Borrowing money can be stressful, especially for an emergency. There are a lot of choices for personal loans and lines of credit. Payday loans, sometimes called cash advance loans, are one option, but they can come with unique risks and are even illegal in some states.
It pays to understand the costs and benefits when considering a payday loan. Then, you can make a plan so you aren’t rushed into a decision as a borrower if you need access to cash.
Key takeaways:
- Payday loans are short-term, high-cost loans that are intended to be repaid by your next payday.
- They generally offer a fixed interest rate and set fees based on the loan amount.
- Typically, these types of loans do not require a credit check to obtain, but failure to repay the loan can still hurt your credit.
- To determine whether a payday loan is right for you, it’s important to know your options and consider the risks.
What is a payday loan?
A payday loan generally describes a short-term, high-cost small personal loan that’s designed to be repaid on your next pay day, usually around a two-to-four-week loan term. The terms and structure can vary by state, payday lender and individual loan.
Payday loans are unsecured loans because they don’t require any collateral from the borrower. While payday lenders can provide much-needed funds, the FTC says it “has filed many law enforcement actions against payday lenders” for a variety of deceptive or unfair practices.
How do payday loans work?
Borrowers can apply for a payday loan by filling out a loan application and submitting pay stubs. These short-term loans are usually for small amounts and often come with set fees based on the loan amount. For example, the Consumer Financial Protection Bureau (CFPB) describes a typical fee for a payday loan as $15 for every $100 you borrow. This is the same as an annual percentage rate (APR) of nearly 400% interest. For comparison, credit card interest rates typically range between 12% and 30%.
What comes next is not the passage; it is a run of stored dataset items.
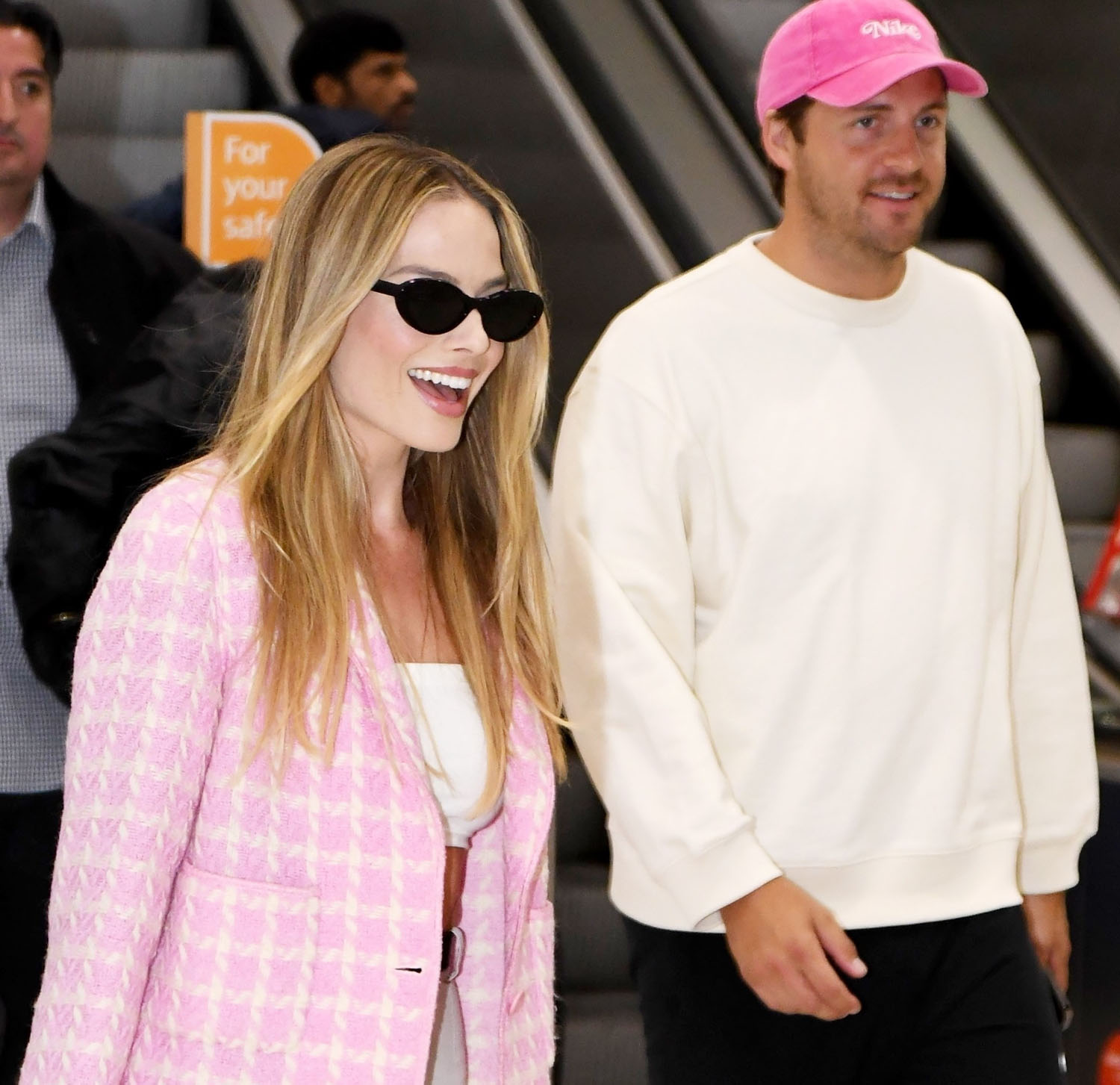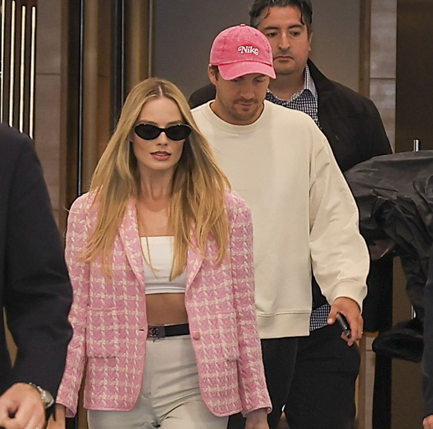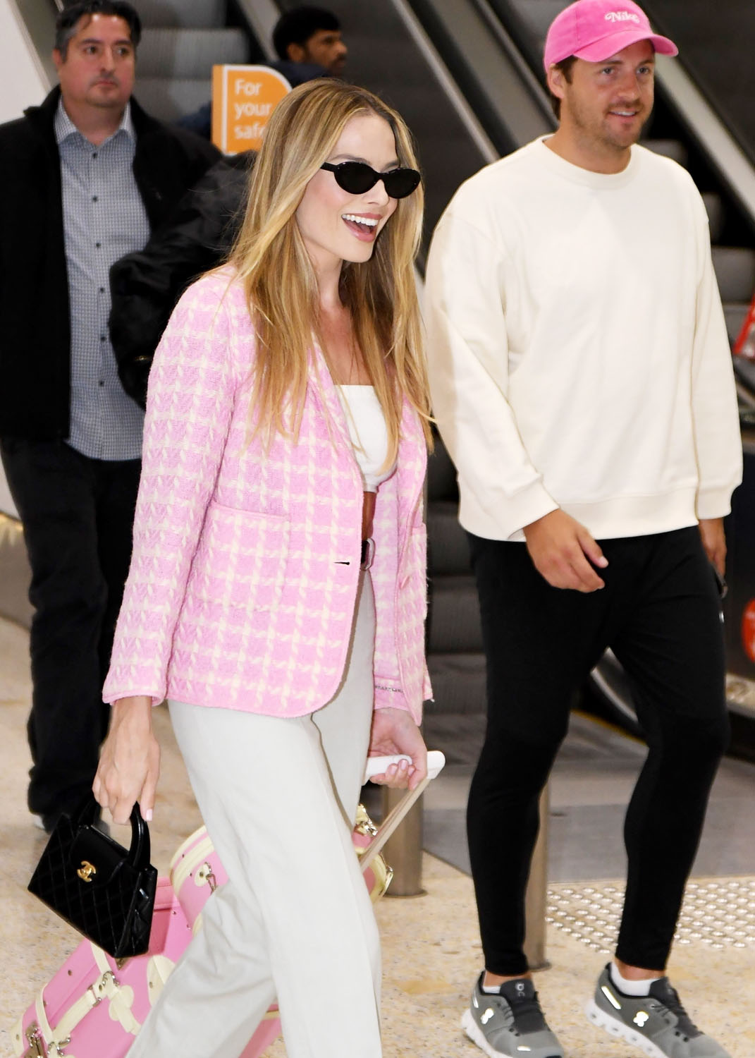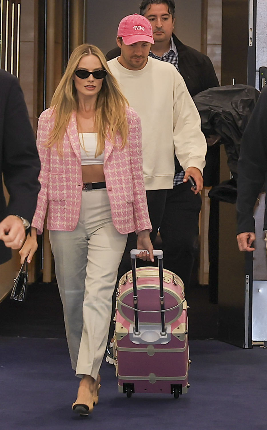 While the two Kenadians are handling the maple leaf stop on the tour, Barbie herself arrived at home in Australia this morning ahead of the Barbie event on Friday. Here’s Margot Robbie in a pink checked blazer over a cropped tank and jeans at the airport in Sydney and I love how even her travel outfits have been strategically Barbie-fied.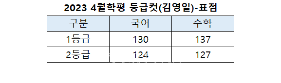 [베리타스알파=권수진 기자] 김영일교육컨설팅이 발표한 오후8시20분 기준 2023 4월학평(2022년 4월 모의고사) 표준점수 기준 예상 1등급컷은 국어 130점, 수학 137점이다. 2등급컷은 국어 124점, 수학 127점으로 봤다.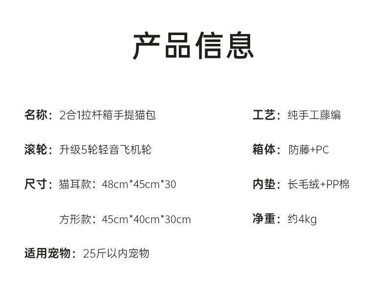 등나무 고양이 트롤리 케이스, 고양이 가방, 고양이 우주 캡슐, 애완동물 외출 휴대용 가방, 고양이 유모차, 대용량
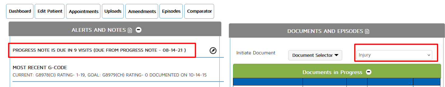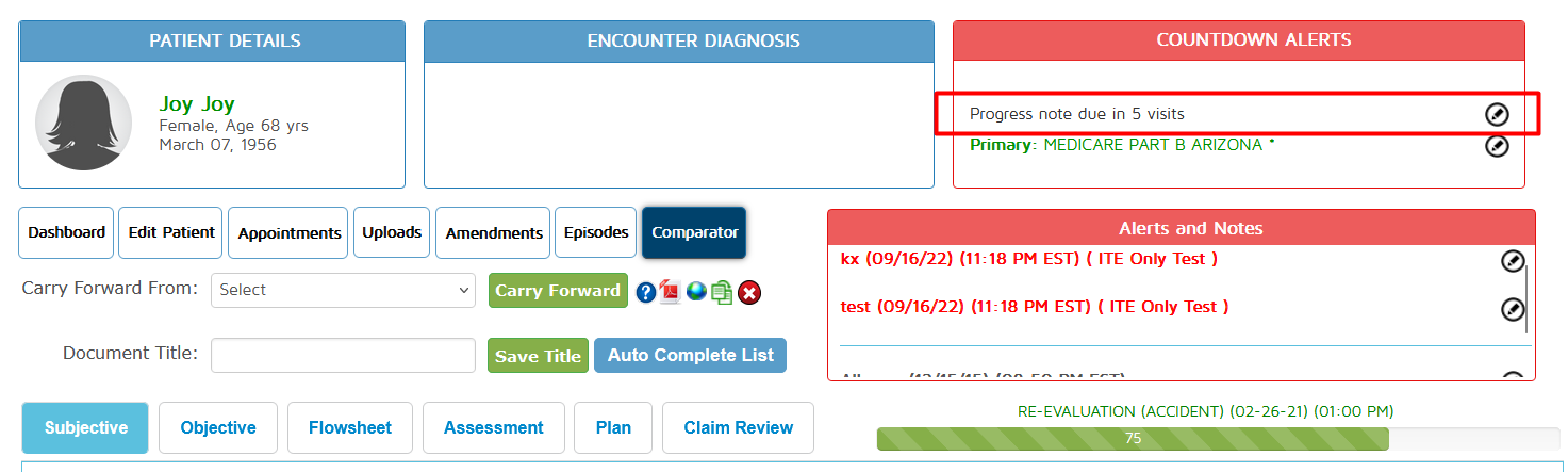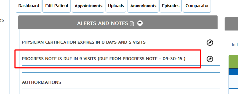 For maximum accuracy, the progress note should be associated with a date of service. Once it is set up, the progress note alert starts counting down, based on the most recent initial evaluation or the most recent progress note.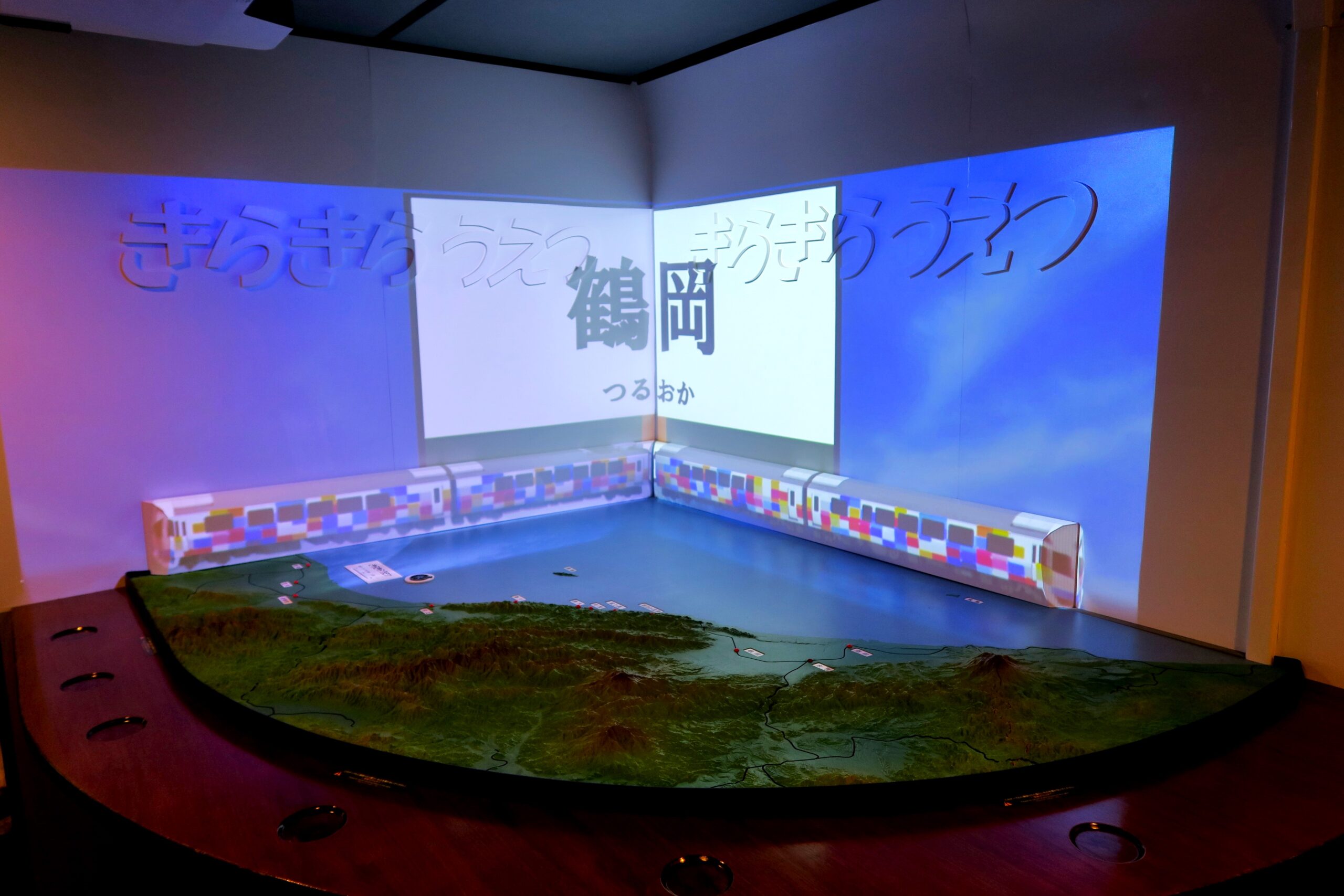 一部に「きらきら情報コーナー」があり、きらきらプロジェクションマッピングで沿線の観光ポイントや映像を楽しむことができます。

In exchange for a payday loan, the borrower usually gives the lender a postdated check for the full amount borrowed, plus fees. Or the borrower might authorize the lender to electronically withdraw that amount from their bank account on the due date.
Typically, the sooner a person can pay off a payday loan the better.
Payday loan interest rates
Payday loans offer a fixed interest rate rather than a variable interest rate. That’s because repayment of the cash loans are expected to be in the form of one lump sum. Payday lenders are required by the federal Truth in Lending Act to divulge any finance charges placed on a loan.
Payday loan fees and risks
The CFPB warns of numerous other fees and costs associated with payday loans. These can include rollover fees if you need to extend the duration of your loan, late fees for missing a payment, overdraft and non-sufficient funds (NSF) fees if your bank account is short when the payment is processed and more.
Additional fees may be added to your loan if the funds are loaded onto a prepaid debit card.
Do payday loans impact your credit?
A typical payday loan doesn’t require a credit check or proof of your ability to repay the loan. This can be part of the appeal for borrowers with no credit or those who are rebuilding credit and may not have other financing options. But according to Experian, these loans also can’t help you build your credit if they aren’t reported to the credit bureaus when you pay them on time.
However, if you’re late on payments—or if you’re unable to repay and default on your payday loan—the same might not be true. A payday lender might report your late or missing payments to the credit bureaus. In that case, it could still harm your credit scores.
Payday loan alternatives
Before relying on payday loans or other risky forms of credit, it’s good to consider your options. For example, credit counseling can help you with your monthly budgeting. If you have the time and resources to plan ahead, a healthy emergency savings fund is a great way to protect yourself from the unexpected.
A secured credit card is another option. Secured cards can help you build credit with responsible use. And as you build your credit, that could help you qualify for a card with extra perks in the future.
You can also consider installment loans. But it’s important to do your research to find the best and most affordable small loan to serve your needs.
Whichever option you choose, the key is to plan ahead. And if you have more questions on payday loans, the CFPB has an excellent payday loan resource page.
Payday loan FAQs
Q: Are payday loans secured or unsecured?
Payday loans are considered unsecured loans because they don’t involve collateral.
Q: Is it bad to get a payday loan?
Like all loans, a payday loan may or may not be right for you depending on your financial situation and needs. The risks of payday loans are typically high costs and short terms. Some borrowers are not able to repay their loan before the payment due date. When considering a payday loan, carefully research the lender and terms and conditions of the loan to determine whether the loan is right for you.
The bottom line
For some, payday loans may be a good option, but there are specific risks that come with this type of loan. So it might be better to weigh your options.